5> : inner+{u} '+ reduce ;
5> : mv* 1 compress '* apply 'inner+ apply ;
5> [[1 2 3][4 5 6][7 8 9]] [10 11 12] 
5> mv* .
[   68   167   266  ]

The main word is mv* (short for matrix-vector-multiplication), which expects a vector on TOS and a matrix in the element below TOS. As an initial step, the vector found in TOS is enclosed in another vector yielding a vector of the form [[ ... ]]. Following this, the operator * is pushed onto the stack and then applied in an element-wise fashion along the first axis of the matrix and vector found in the two top-most stack elements by means of the apply-function. This yields a vector with all partial products of the desired matrix-vector product. Applying a special user-defined word inner+ will then reduce these partial products by adding them together. Note that this word definition differs from a simple user-defined word as described in the preceding sections by specifying {u} after the name of the word to be defined. This tells the interpreter that the word to be defined will be a unary word, which will be handled in exactly the same way as a built-in unary operator. Otherwise, it would not have been possible to apply this word to all elements of the resulting structure along its first axis using the apply function.

Conclusion

5 is a rather powerful array language and supports a highly interactive style of programming due to the features inherited from Forth. Since the basic data structures that 5 operates on are nested arrays, many problems can be solved without the need for explicit loops or complex conditionals, as the preceding examples have shown. Since I have 5 running on my OpenVMS system, I do not miss VAX APL any longer since 5 brings nearly all of the power of APL to my system without the need for costly third-party software, etc.

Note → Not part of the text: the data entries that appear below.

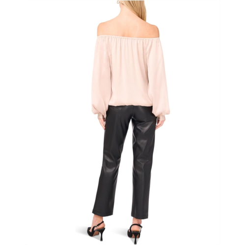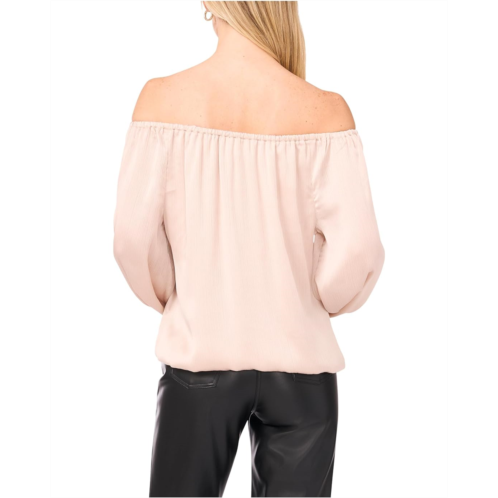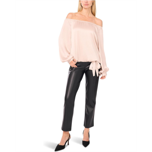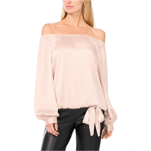 The Vince Camuto Off Shoulder Long Sleeve Blouse W Tie showcases an off-the-shoulder neckline framed by billowing long sleeves that add volume and elegance. The tie-front waist cinches the silhouette for a flattering fit.
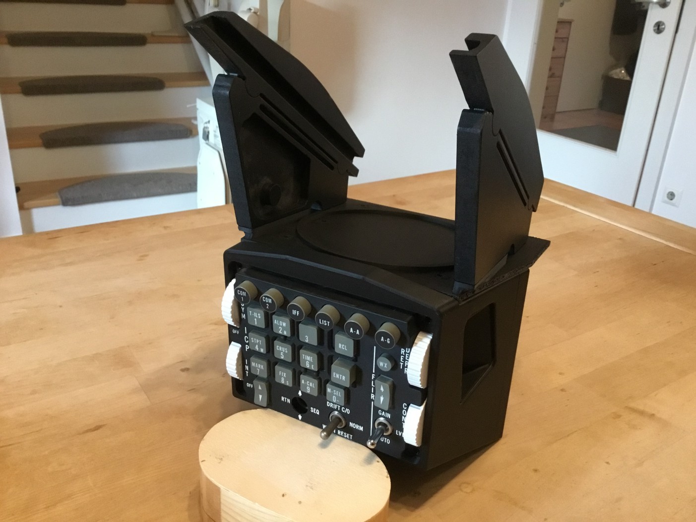 At the time when I built my CenterConsole there were not a lot of infos about the F-16 available, so the HUD block, where the ICP mounts to, was missing the chamfer on the front to have a better look at the instrument panel..
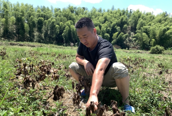 “白芍喜排水性好的土壤,这片沙地透气性强,正好满足它的生长需求,但要注意把控浇水节奏,雨季得及时清沟防涝,避免根系腐烂……”荷源乡陈家村吴联生蹲在田埂边,一边清除未成活的白芍,一边向村民细致讲解白芍管护要点,额角的汗珠顺着脸颊滑落,却丝毫没影响他的专注。
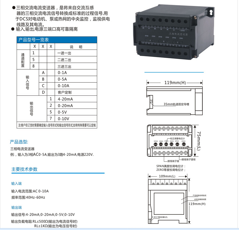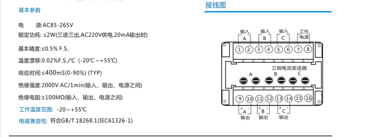 三相电压变送器输出范围:DC4-20mA、0-20mA、0-5V、0-10V、1-5V等用户需要的标准信号
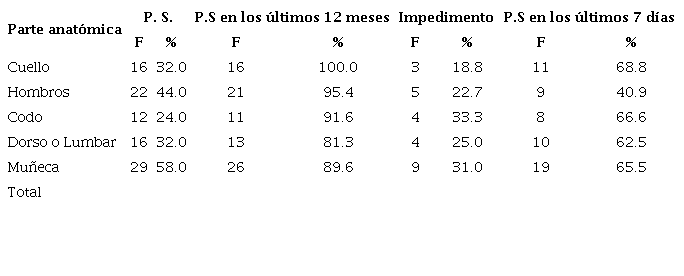 Moran et al. 10, mencionaron que el hecho de las altas prevalencias encontradas en el último año sean similares a las encontradas en la última semana indica que estos síntomas pueden corresponder a patologías instauradas, en éste estudio el 91.6% de la población con sintomatología positiva tuvo molestias en el último año y de éstas el 69.8% refirió haber presentado sintomatología en la última semana, éstas prevalencias son altas y pueden significar que los trabajadores ya cuentan con patología musculoesquelética.
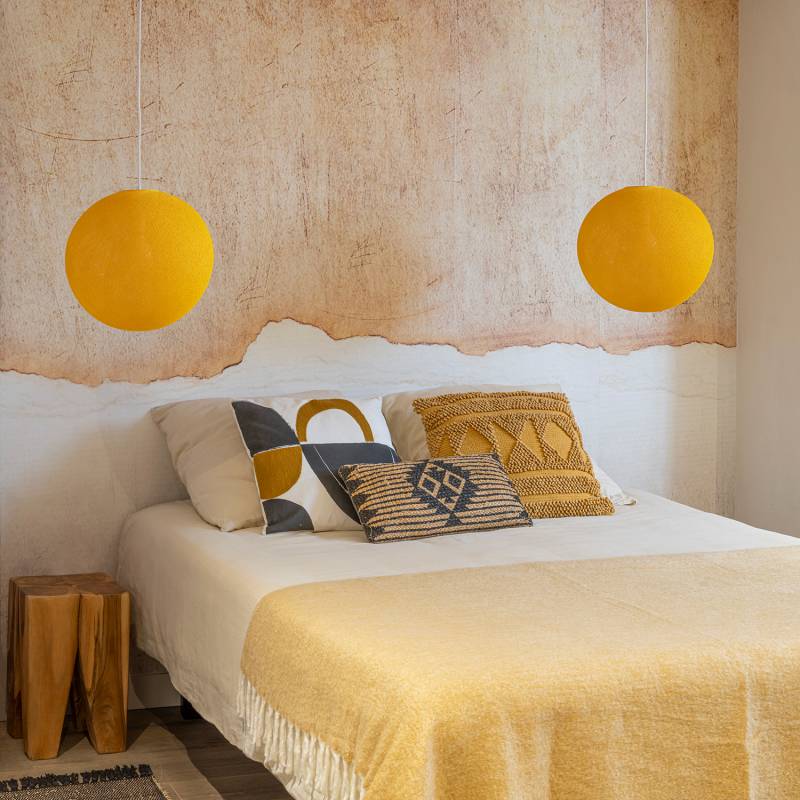 La forma rotonda e il colore curry, intenso e moderno, aggiungono un tocco di personalità a qualsiasi arredamento, donando energia visiva senza rinunciare all’eleganza. Il foro superiore facilita il montaggio come lampada a sospensione.

Nevertheless, 5 is still a work in progress.  Although the set of operators and functions which are implemented at the time of writing this journal is rather large, there may be problems that may require extensions to the language. In many cases, these extensions can be incorporated in the standard library stdlib.5 or the mathematical library mathlib.5, which are both part of the 5 distribution kit. If this is not feasible for a particular problem, it is rather easy to extend the interpreter itself.

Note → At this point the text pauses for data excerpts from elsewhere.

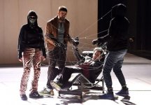 Sauvons néanmoins, comme à chaque fois chez Rodrigo García, quelques moments de réelle beauté plastique : la première scène dans laquelle les comédiens sont reliés par des fils sur lesquels sont accrochés des grelots (métaphore de la nécessaire solidarité entre eux, symbolisation de la civilisation du « tous connectés »), le survol du plateau par un drone parés de LEDs de couleur et d’un carillon, et, enfin, le début du duel que se livrent deux acteurs sur un savon de Marseille géant (belle chorégraphie de leurs corps glissants).
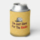 This can holder features a cartoon drawing of a simple rock and says 'I'm Just Here For The Rocks." The true motivation of a geologist! On the back is a spot for your name and short message in white lettering. The background is a bunch of tiny geology rock hammers!
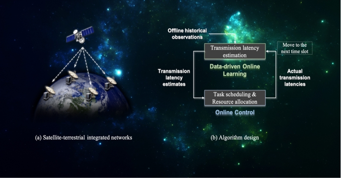 随着科学研究对结合太空观测和地面处理分析的需求高涨,基于星地融合智能网络的泛在科学智能系统随之迅速发展。为了在满足系统能耗约束的前提下最小化任务处理时延,需要合理地在卫星和地面之间进行任务调度和系统资源分配。然而,星地之间传输时延难以实时观测,且需要考虑能耗和时延之间的权衡,使得该问题变得极具挑战性。邵子瑜课题组基于在线控制和在线学习相结合的方法,利用离线历史数据来加速学习过程,提出了一个分布式的智能任务调度和资源分配算法。理论分析与仿真实验验证了所提出算法的有效性和优越性。该成果能够有效促进泛在科学智能的发展,可进一步扩充至空天地海一体化智能网络以及基于卫星网络的天基算力系统,并在未来民用卫星领域(如手机卫星通信等)具有广阔的应用前景。

If you like what you have been introduced to in this paper and are interested in learning more, please feel cordially invited to participate in the development efforts of 5. The next steps of the development team will involve the addition of new words in the libraries, enhancing the documentation (a quick reference guide is currently being written, in addition to the rather complete introductory documents), and the development of a stable regression test suite to facilitate further developments, etc. 

For more information

Contact the author at ulmann@vaxman.de.

[1] Cf. http://www.aplusdev.org.

[2] The author would like to thank Mr. Thomas Kratz who did most of this second implementation.

[3] This, of course, assumes that the interpreter resides in a directory called [5] located on the disk DISK$SOFTWARE – adapt this definition to suit your local situation.

[4] Note that word definitions which are made in interactive mode have to fit in a single line! This example is taken from a file which was executed by the 5 interpreter.